I am trying to prove the following:
$$(2^a - 1, 2^b - 1) = 2^{(a,b)} - 1 \ \ \ \forall a,b \in \mathbb{N} $$ Where: $$ (a,b) := \gcd(a,b) $$
So far I have tried dividing $2^a-1$ by $2^b-1$ to see if there was anyway to get the remainder, and user the remainder to help inductively show what the $gcd$ tends toward, but all I could do through algebraic manipulation was a pathetic:
$$ \frac{2^a-1}{2^b-1} = \frac{2^a}{2^b-1} - \frac{1}{2^b-1}$$
Which wasn't in the form that I wanted. I needed a remainder.
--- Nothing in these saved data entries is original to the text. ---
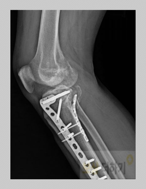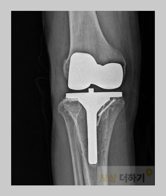 요추 3번 골절에 대해서는 비수술 보존치료를 행하셨습니다. 무릎 (슬관절)은 안타깝게도 부정유합, 외상후 관절염이 있었고 결국 인공관절 전치환술을 받으셔야 했습니다. 무릎 관절면은 서있거나 걸을 때 주로 체중이 실리는 안쪽, 바깥쪽 면과 일어나거나 무릎을 굽히고 펼 때 힘을 받쳐주는 앞쪽 면이 있습니다. 전치환술은 3군데 모두를 인공관절로 바꿔주는 것입니다.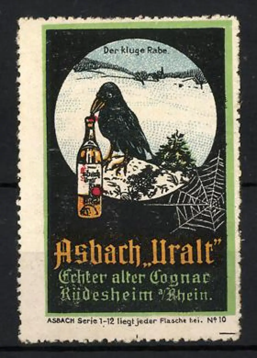 Reklamemarke Rüdesheim am Rhein, Asbach Uralt, Rabe mit Flasche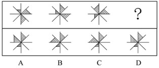 【答案】B。【解析】第一步,觀察特征。組成元素相同,優(yōu)先考慮位置類規(guī)律。第二步,一條式,從左到右找規(guī)律。圖中一共是三個大小不一樣的陰影三角形,它們整體沿直線向逆時針方向翻轉。只有B項符合。故正確答案為B。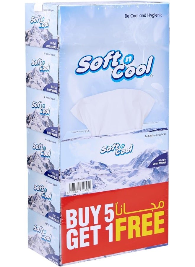 Soft N Cool Highly Absorbent, Sterilized, Soft & Strong, Facial Tissue 150 Sheets 5 Box + 1 Box FREE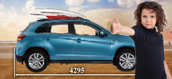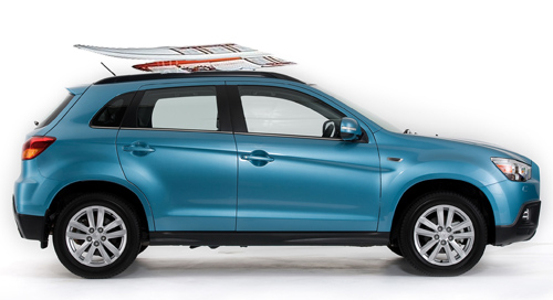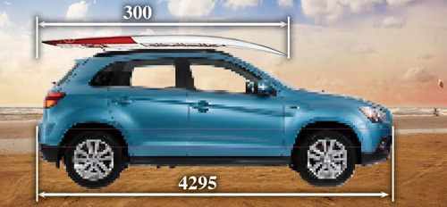 Крыша маленькая Mitsubishi ASX, доска закрепленная на крыше будет торчать и с спереди и сзади.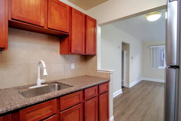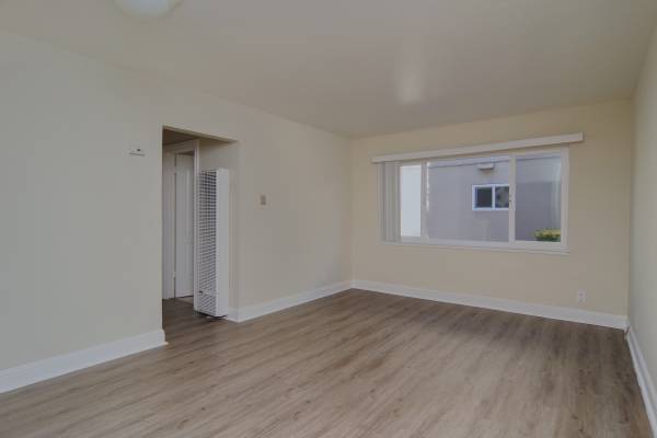 Welcome to Cadillac Apartments! This unit is a beautiful, remodeled, spacious 1 bedroom 1 bath with new luxury hardwood flooring, beautiful countertops in the kitchen, and extensive kitchen cabinet space! A double-sided gas wall heater keeps you warm on those cool nights. The bedroom has large mirrored closet doors that illuminate any incoming natural sunlight, and a ceiling fan to keep the air circulating. Brand New Dual pane windows to help with proper insulation.
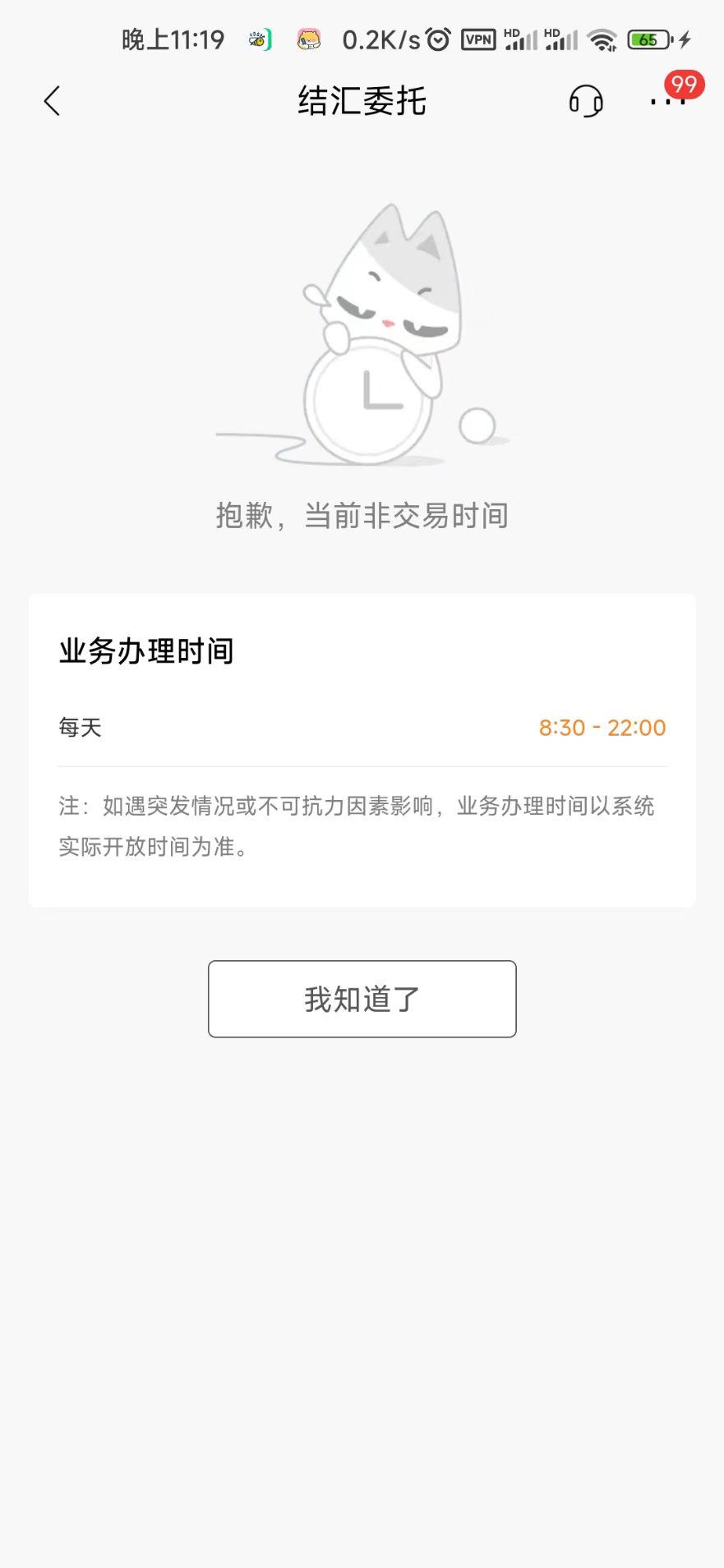 需要注意的是结汇业务办理时间是 8:30-22:00,如果超出时间,需要在下一个工作日办理。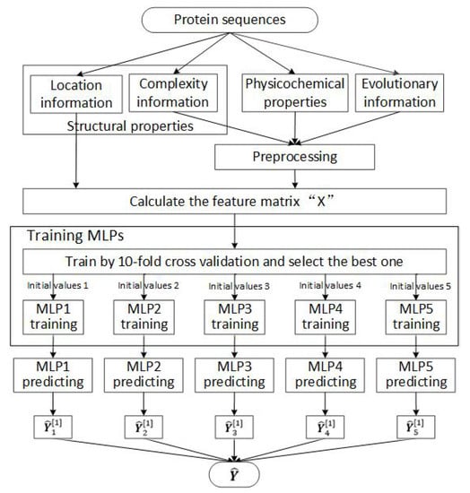 The detail paradigm of our scheme is shown in Figure 2. Based on the feature matrix , we use 10-fold cross validation to train MLP networks, and select the best one according to their prediction results. Then, to reduce the impact of initial values, five different random initial values are used to train five independent MLP networks. Finally, the prediction results are obtained by averaging the outputs of these five trained MLP networks.

I also, tried find a recurrence relation, which ends up being:
$$ a_1 = 1, a_n = 2a_{n-1} + 1$$
But, after that, I couldn't really think of anything I could do with it. (Don't even know why I bothered doing this in the first place...)
Then I started thinking in terms of induction:
Maybe let $a$ be an arbitrary natural number, and show that $$(2^a-1, 2^1-1) = (2^a-1,1) = 1 = 2^1 - 1 = 2^{(a,1)} - 1$$
But after the base case I was stumped:
Assume it holds true for all $k$ then if it holds for $k+1$ our claim is true:
$$ (2^a - 1, 2^{k+1} - 1) = (2^a - 1, 2 \cdot 2^k - 1) = ???$$
I don't even think you can use induction quite this way, I've just trying to come up with something. Anyone have any hints? Thank you.
Somewhat in line with the division idea, you can use the property that $(a,b)=(a-b,b)$ (this is the basis for Euclid's algorithm). In your case, assuming $a>b$, \begin{align*} (2^a-1, 2^b-1) &= ((2^a-1) - 2^{a-b}(2^b-1), 2^b-1)\\ &= (2^{a-b} - 1, 2^b - 1). \end{align*} Notice that the exponents have a property analogous to the GCD one. Just to be clear, if we define $f(a,b) = (2^a-1,2^b-1)$, we can write $f(a,b)=f(a-b,b)$.
This means that if we follow all of the steps to compute the GCD of $a$ and $b$ by Euclid's algorithm, we can carry the steps over to get that $f(a,b)=2^{(a,b)}-1$.